Ebedî bir hayat için yaratılan insanların ömürlerini basit değerler uğruna harcaması, insanlık adına çok üzüntü vericidir şüphesiz. Ömürlerin boşa geçirilmesi hastalığı bilhassa günümüz dünyasında almış başını gidiyor. Şeytanlar insanlığın mukaddes mabetlerinde adeta at koşturmaktadırlar. Maddî hastalıkların da sebebi olan manevî hastalıklarımızdan kurtulmak için insanlığa bahşedilen yüce değerlere sahip çıkmamız gerekmektedir.
Gururundan ve yaptığı ibadetlere duyduğu güvenden dolayı Allah'ın emrini yerine getirmeyen ve bu isyanından dolayı lânetlenen İblis'in üstlendiği görev, insanları mânevî değerlerinden uzaklaştırmak ve onları kendisi gibi Rabb-i Rahîme âsî bir duruma getirmek olmuştur.
Mahlûkatın ilk âsisi olan İblis, kendini yaratan Zat-ı Zülcelâle karşı küstahça kendini güya savunmaya soyunmuştur. Bu, verilen emaneti inkâr etmek ve hayasızca sahiplenmek demekti. Kendisini şeytan yapan gururundan dolayı, Rabb-i Rahîm'in onu ondan daha iyi düşündüğünü düşünememişti. Hâlık ile mahlûk arasında yaşanan ilk isyan hadisesi idi bu. Aynı zamanda yeryüzünün halifesi olarak yaratılan insan için önemli ibret levhasıydı bu yaşanan hadise.
İnsanları mükemmel bir donanımla yaratan Hâlık-ı Kerîm, yarattığı bu varlıklara büyük bir görev yüklemişti. Mükemmel yaratılmanın elbette bir bedeli olacaktı. İnsanlar eşref-i mahlukat olarak yaratılmanın bedeli olarak Yaratıcılarını tanıyıp ibadet edecek ve lânetli İblis'le müthiş bir mücadeleye girmek durumunda olacaklardı.
İnsanoğlunun dünya mektebinde akıl ve şuurla mücehhez kılınması, onu imtihana tâbî kılmayı gerekli kılıyordu.
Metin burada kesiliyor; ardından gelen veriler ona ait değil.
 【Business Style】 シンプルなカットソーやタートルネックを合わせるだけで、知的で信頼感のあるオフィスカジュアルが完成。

Maksat imtihanı kazanması ve "eşref-i mahlukat" mertebesine çıkması olacaktı. Ancak bu şekilde meleklerden bile üstün bir mertebeye çıkabilecekti. Kâinatın Yüce Yaratıcısı, Hâtemü'l-Enbiyâ olan Habibini (asm) meleklerin bile çıkamadığı mertebeye çıkararak insanın yüce değerini yine imtihana tabi olan insanlara hatırlatmak istemiştir.
İblis'in hadisesiyle insanlara en alçak dereke gösterilirken, semaların en yücesine urûc ettirilen insan-ı kâmil Muhammed (asm) ile de en yüce insanlık mertebesi gösterilmişti. Bundan sonra iş insana düşmekteydi. Yücelmek ile alçalmak arasında bir tercih yapmaya zorlanacaktı insanoğlu. Bu da gerekliydi mükemmel olarak yaratılan insanoğlu için. Alçalma karanlığı gösterilmeseydi, yücelerdeki aydınlığın ne mânâya geldiğini insanoğlu anlayamazdı. İmtihan dünyasında düzen mükemmel bir şekilde kurulmuştu. Hiçbir nâdân bundan daha iyisini düşünme ve gösterme mecaline sahip olamayacaktı.
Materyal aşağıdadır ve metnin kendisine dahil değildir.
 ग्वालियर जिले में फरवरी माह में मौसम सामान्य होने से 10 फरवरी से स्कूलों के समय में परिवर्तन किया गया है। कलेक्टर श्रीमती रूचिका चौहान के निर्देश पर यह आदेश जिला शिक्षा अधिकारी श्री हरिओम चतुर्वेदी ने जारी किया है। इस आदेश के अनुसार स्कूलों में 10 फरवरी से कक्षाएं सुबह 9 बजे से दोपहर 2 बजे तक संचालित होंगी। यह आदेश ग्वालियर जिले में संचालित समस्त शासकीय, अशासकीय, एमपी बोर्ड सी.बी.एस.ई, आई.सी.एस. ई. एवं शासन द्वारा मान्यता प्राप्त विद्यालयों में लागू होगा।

Yaratılanların en alçağında bulunan derinliklerden, Ezelî ve Ebedî olan Rabbin huzurundaki yüce mertebeye kadar değişik makamlara çıkabilecek bir mahlukun dünyaya gönderilmesi ve dünyanın imarı ile görevlendirilmesi ve imtihana tabi tutulmasındaki İlâhî hikmetleri lâyıkıyla ifade edebilmek kolay değildir elbette. Ama akıl, kalb ve şuurun dürbünleriyle birçok hakikatı kendine yaklaştırabilme imkânına sahip olacaktı insanoğlu.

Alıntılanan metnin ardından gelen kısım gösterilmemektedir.